The boy scrambled down the Sphinx’s side, gave a leap, and bounded onto the sand.
The sun lifted above the horizon, and Sphinx, camel, and child turned to gold.
“Come on. I shall have to run all the way in the heat.” The camel knelt by the boy, who climbed up on the hump and took up the reins. He raised his hand once more to th
e Sphinx in salute.
The camel turned and began to gallop across the desert, rocking wildly, so that the boy had to hang on tightly to keep from falling off and could not see the shadow moving across the stone body of the Sphinx.
The Sphinx lay crouched, immobile, lifeless and inert stone. Her vacant eyes did not know the camel and the boy as they disappeared over the horizon.
A Biography of Madeleine L’Engle
Madeleine L’Engle was the award-winning author of more than sixty books encompassing children’s and adult fiction, poetry, plays, memoirs, and books on prayer. Her best-known work is the classic children’s novel A Wrinkle in Time, which won the Newbery Medal for distinguished children’s literature and has sold fourteen million copies worldwide. The Washington Post called the science fantasy tale of an adolescent girl and her telepathic brother’s journey through space and time “one of the most enigmatic works of fiction ever created.”
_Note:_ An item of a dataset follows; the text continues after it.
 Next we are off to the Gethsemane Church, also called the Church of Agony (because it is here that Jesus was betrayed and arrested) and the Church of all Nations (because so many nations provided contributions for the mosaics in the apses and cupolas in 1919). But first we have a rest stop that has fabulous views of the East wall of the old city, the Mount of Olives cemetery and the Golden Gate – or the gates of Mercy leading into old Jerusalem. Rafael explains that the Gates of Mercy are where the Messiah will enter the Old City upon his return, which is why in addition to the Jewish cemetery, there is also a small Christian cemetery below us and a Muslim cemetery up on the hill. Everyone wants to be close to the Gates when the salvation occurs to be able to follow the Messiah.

L’Engle was born on November 29, 1918, in New York City, where both of her parents were artists—her mother a pianist and her father a novelist, journalist, and music and drama critic for the New York Sun. Although she wrote her first story at the age of five and devoted her time to her journals, short stories, and poetry, L’Engle struggled in school and often felt disliked by her teachers and peers. She recalled one of her elementary school teachers calling her stupid and another accusing her of plagiarism when she won a writing contest.
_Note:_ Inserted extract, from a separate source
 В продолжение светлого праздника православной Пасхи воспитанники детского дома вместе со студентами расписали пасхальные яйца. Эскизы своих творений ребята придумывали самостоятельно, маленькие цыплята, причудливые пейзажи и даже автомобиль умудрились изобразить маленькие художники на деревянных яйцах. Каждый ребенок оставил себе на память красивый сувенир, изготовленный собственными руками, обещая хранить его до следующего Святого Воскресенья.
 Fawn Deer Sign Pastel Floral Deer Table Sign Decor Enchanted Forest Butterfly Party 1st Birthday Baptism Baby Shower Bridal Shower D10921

At twelve, L’Engle and her family moved to France for her father’s health (he had been a soldier during World War I and suffered lung damage), and she was sent to boarding school in the Swiss Alps. Two of her novels, A Winter’s Love and The Small Rain, drew on her experiences in Europe. She returned to the United States three years later to attend another boarding school in Charleston, South Carolina. L’Engle flourished during these years and went on to graduate from Smith College with honors in English.
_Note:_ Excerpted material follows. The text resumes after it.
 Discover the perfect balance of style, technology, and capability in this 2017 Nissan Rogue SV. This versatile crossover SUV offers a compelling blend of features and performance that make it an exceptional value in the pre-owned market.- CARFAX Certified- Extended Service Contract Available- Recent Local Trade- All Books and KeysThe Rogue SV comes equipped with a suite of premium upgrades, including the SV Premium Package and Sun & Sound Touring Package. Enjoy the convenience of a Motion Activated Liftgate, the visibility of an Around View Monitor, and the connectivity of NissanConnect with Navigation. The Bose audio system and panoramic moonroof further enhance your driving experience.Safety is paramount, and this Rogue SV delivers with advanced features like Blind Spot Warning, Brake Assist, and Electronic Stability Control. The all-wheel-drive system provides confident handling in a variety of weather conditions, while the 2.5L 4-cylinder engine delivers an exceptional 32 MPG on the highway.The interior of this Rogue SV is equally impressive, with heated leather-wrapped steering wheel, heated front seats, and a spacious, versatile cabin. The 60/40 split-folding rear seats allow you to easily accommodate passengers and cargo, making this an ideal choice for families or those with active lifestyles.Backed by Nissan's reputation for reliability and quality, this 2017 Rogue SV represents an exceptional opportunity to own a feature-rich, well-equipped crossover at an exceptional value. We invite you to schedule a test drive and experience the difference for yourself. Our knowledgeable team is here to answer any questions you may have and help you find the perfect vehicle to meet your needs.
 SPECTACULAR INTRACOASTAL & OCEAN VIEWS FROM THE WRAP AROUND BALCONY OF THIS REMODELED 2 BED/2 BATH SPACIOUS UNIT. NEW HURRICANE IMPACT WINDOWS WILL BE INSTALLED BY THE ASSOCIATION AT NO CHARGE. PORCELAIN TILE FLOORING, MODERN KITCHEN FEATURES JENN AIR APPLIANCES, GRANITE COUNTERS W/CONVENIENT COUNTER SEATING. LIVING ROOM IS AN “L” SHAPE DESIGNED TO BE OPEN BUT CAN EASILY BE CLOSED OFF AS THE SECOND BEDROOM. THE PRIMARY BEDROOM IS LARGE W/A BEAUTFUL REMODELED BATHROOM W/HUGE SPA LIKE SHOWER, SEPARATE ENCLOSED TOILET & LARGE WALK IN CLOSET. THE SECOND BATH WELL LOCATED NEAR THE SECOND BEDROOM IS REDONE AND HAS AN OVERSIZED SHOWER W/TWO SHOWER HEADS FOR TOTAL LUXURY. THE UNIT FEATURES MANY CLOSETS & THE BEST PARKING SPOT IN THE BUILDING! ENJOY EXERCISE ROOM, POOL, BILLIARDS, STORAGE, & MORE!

After college, she moved back to New York City and started work as a stage actress while devoting her free time to writing. During this time, she published her first two novels, The Small Rain and Ilsa, and wrote many plays that were produced in regional theaters. While touring in a production of Anton Chekhov’s The Cherry Orchard as an understudy, she met actor Hugh Franklin, and they married in 1946. After the birth of their daughter Josephine the following year, they bought an old farmhouse, which they called Crosswicks, in Goshen, a small town in rural Connecticut, planning on weekends in the country. When she became pregnant with their second child, Bion, they moved to Crosswicks permanently and ran the local general store. Their family grew with an adopted daughter, Maria. After nearly a decade in Connecticut, they moved back to New York so her husband, who would go on to star in All My Children, could focus on his acting career. She was happy to return and hoped that she would find success as an author again. Indeed, A Wrinkle in Time was published in 1962.